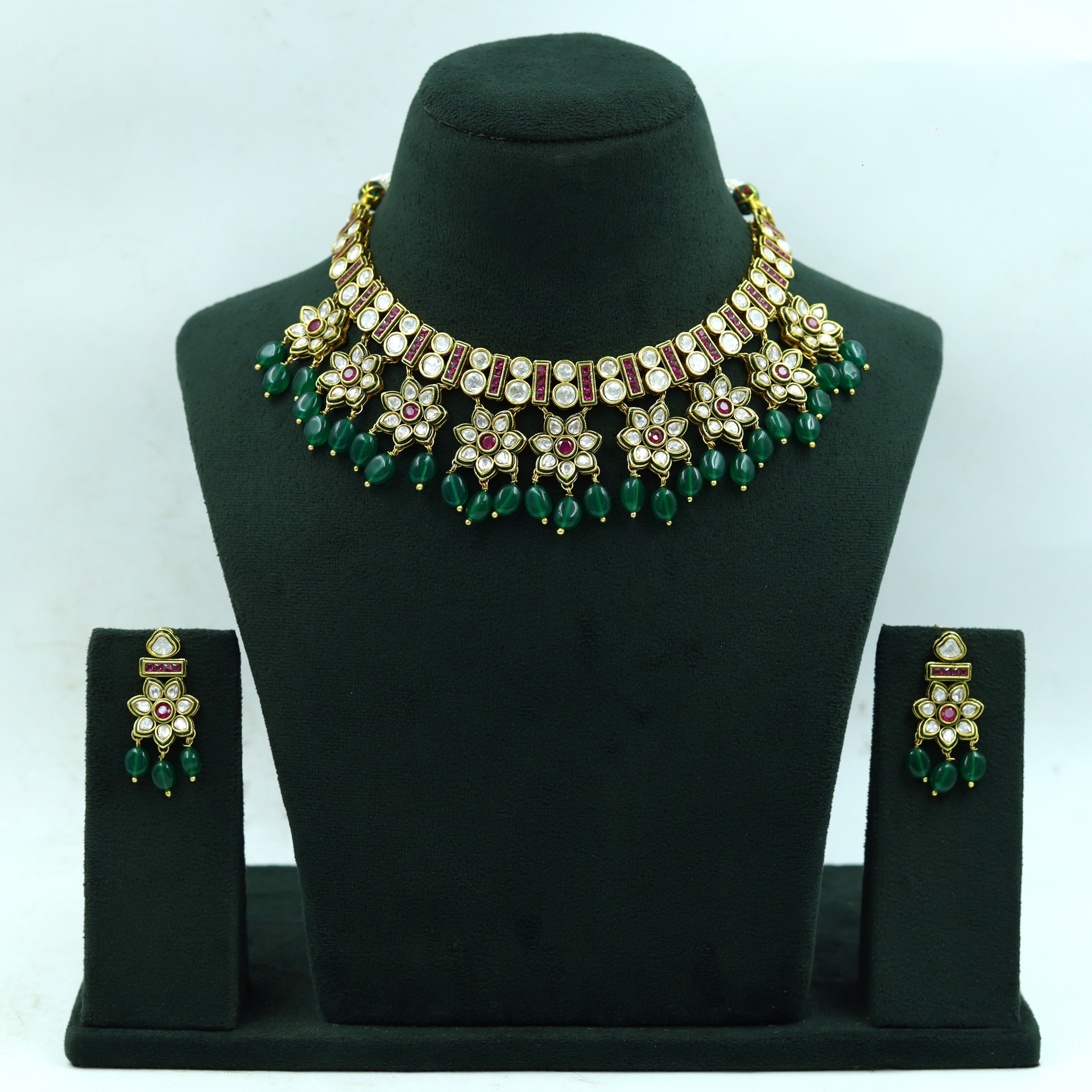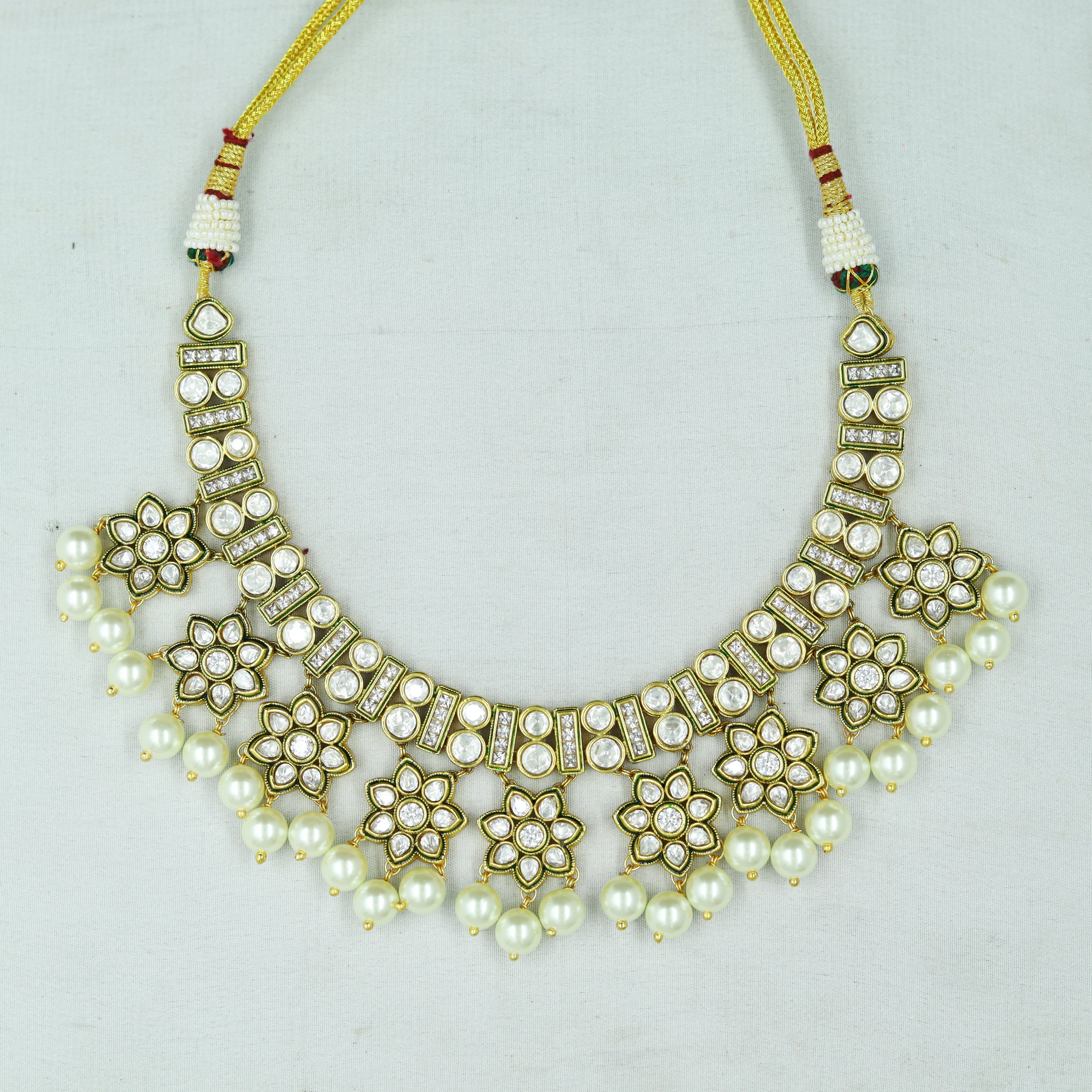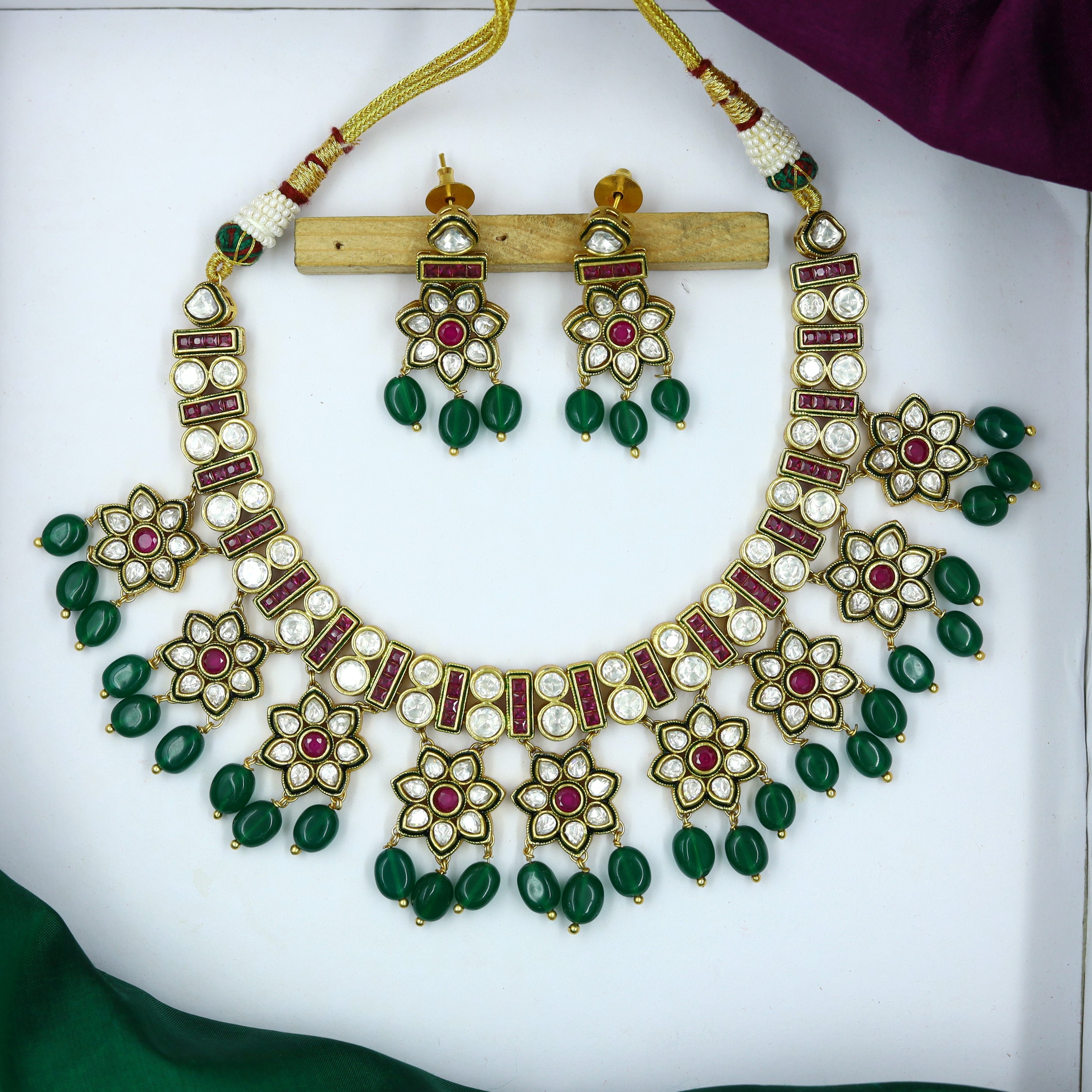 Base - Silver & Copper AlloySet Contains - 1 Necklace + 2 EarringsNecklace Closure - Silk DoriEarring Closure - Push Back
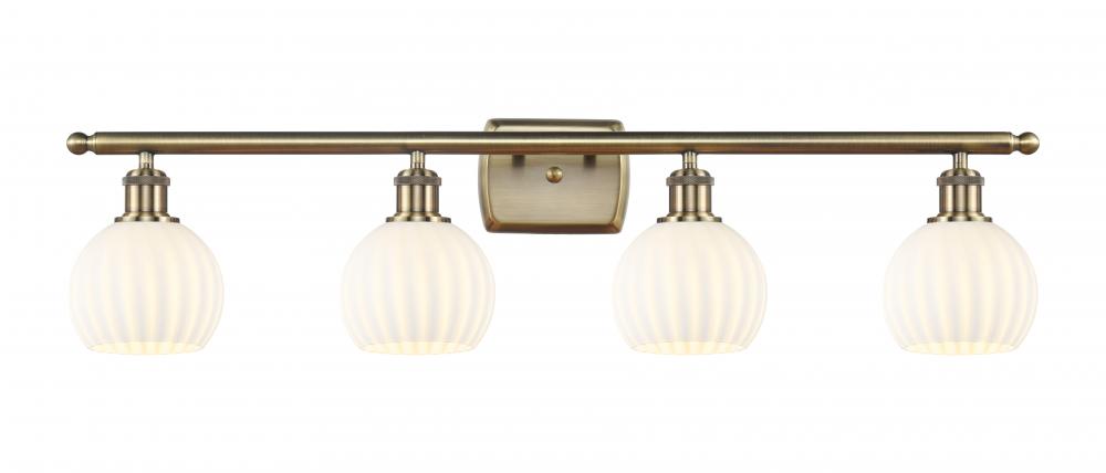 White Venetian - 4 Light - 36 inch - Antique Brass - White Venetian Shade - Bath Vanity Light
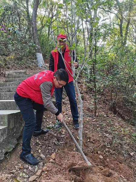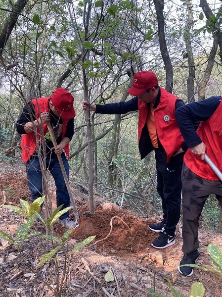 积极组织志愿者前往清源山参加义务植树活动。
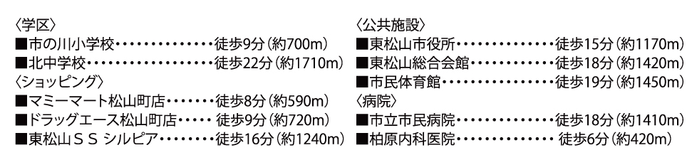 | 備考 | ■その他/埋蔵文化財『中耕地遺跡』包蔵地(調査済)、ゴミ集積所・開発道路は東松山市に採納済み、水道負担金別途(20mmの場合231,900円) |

# Work request:
All the lines above should be reproduced exactly, and none of the pictures.

# Answer section:
 Base - Silver & Copper AlloySet Contains - 1 Necklace + 2 EarringsNecklace Closure - Silk DoriEarring Closure - Push Back
 White Venetian - 4 Light - 36 inch - Antique Brass - White Venetian Shade - Bath Vanity Light
 积极组织志愿者前往清源山参加义务植树活动。
 | 備考 | ■その他/埋蔵文化財『中耕地遺跡』包蔵地(調査済)、ゴミ集積所・開発道路は東松山市に採納済み、水道負担金別途(20mmの場合231,900円) |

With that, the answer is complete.